There are three other matters worthy of consideration. One is that Cleopatra was the only ruler of her dynasty who knew, in addition to her native Greek, the Egyptian language. This suggests close association with an Egyptian speaker, perhaps her mother. Secondly, Cleopatra’s daughter, who became queen of Mauretania (and was mixed ethnically herself, as her father was Roman), honored the Egyptian religious elite at her far-off capital of Mauretanian Caesarea (in modern Algeria). This makes sense if they were part of her ancestral family. And third – especially relevant in demolishing any suggestion that Cleopatra had black African blood – the representations of her in Greek and Roman art and coins do not show anything other than traditional Mediterranean ethnicity, although artists were perfectly capable of showing other ethnic groups.

To sum up: it is quite possible that Cleopatra was pure Macedonian Greek. But it is probable that she had some Egyptian blood, although the amount is uncertain. Certainly it was no more than half, and probably less. The best evidence is that she was three-quarters Macedonian Greek and one-quarter Egyptian. There is no room for anything else, certainly not for any black African blood.

Yet all this argumentation is rather silly. What is important about Cleopatra is that she became one of the most powerful rulers of her era. She was a skilled linguist, a naval commander, an expert administrator, a religious leader who was seen by some as a messianic figure, and a worthy opponent of the Romans. She was worshipped in Egypt for at over 400 years after her death. Race seems irrelevant in such a situation, and it goes without saying that people should be judged by their abilities, not their race. But sadly, even in twenty-first century America, this is far from the case. It is unlikely that Cleopatra cared about her racial makeup, but people over 2000 years later still obsess about it, thus trivializing her accomplishments.

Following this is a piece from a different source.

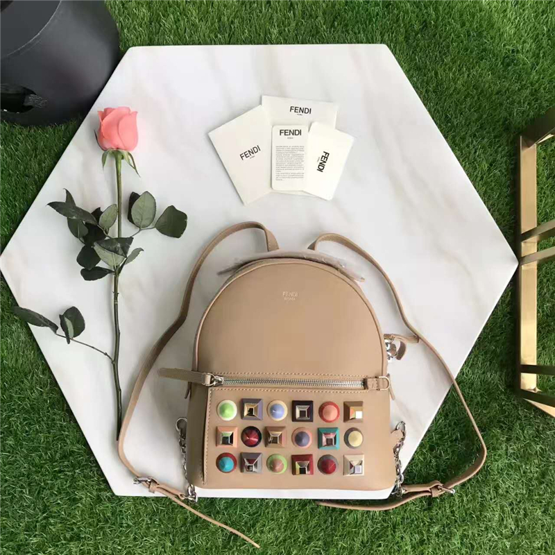 • FENDI 芬迪2017新品 進(jìn)口小牛皮 彩色鉚釘包 雙肩包 杏色

Headline image credit: The meeting of Antony and Cleopatra, by Sir Lawrence Alma-Tadema. Public domain via Wikimedia Commons.

Recent Comments

  1. [...] This post was mentioned on Twitter by Teresa Rolfe Kravtin, Lauren. Lauren said: Controversy over Cleopatra's true race–but does it matter? http://bit.ly/gH3lvy [...]

  2. Peter

    It is ironic claiming Cleopatra being Macedonian Greek.There is no such thing as Macedonian Greek.Obviously, the Greek friends do follow Greeces historical falsifications as did this writer.It is shameful to say the least an outsider to fabricate true history.To put it in perspective;The City States were under the Macedonian yoke since 338 BC when the Macedonians defeated them at Chaeronea.Their history ceased to exist till 1829.Remember,Macedonia existed before Greece ever did.Greece annexed part of Macedonia in 1913,Never before Macedonia belonged to Greece.

  3. Naumovski

    There is no such thing as Macedonian Greek ethnicity for a historian you dont know much Macedonian and Greek are two separate ethnicities and I find it offensive when you refer to this mix, Macedonians are Macedonians stop distorting history, there is no Greek in this elemant whatsoever.

  4. Rou234

    Cleopatra was Macedonian Greek, anyone with a history degree knows ancient Macedonians had a Greek identity and culture or else they wouldn’t have spread Greek culture, identity, language, etc. from one end of the world to the other, and Cleopatra’s native language wouldn’t have been Greek. What’s shameful is to fabricate true history by trying to claim otherwise. CLEOPATRA: look it up, its Greek too and we know in ancient times where passports and identity cards didn’t exist to show one’s ethnic origins their names were used for such things.

  5. Afer

    Cleopatra was olive toned.

  6. Christian

    Interesting article, although I too contest the use of the phrase “Macedonian Greek”, although unlike my two learned friends above, I am not motivated by CONTEMPORARY POLITICS (viz. Republic of Macedonia vs Greece over the use of the name)- sticking to a purely ancient historical context here, as is the nature of this text.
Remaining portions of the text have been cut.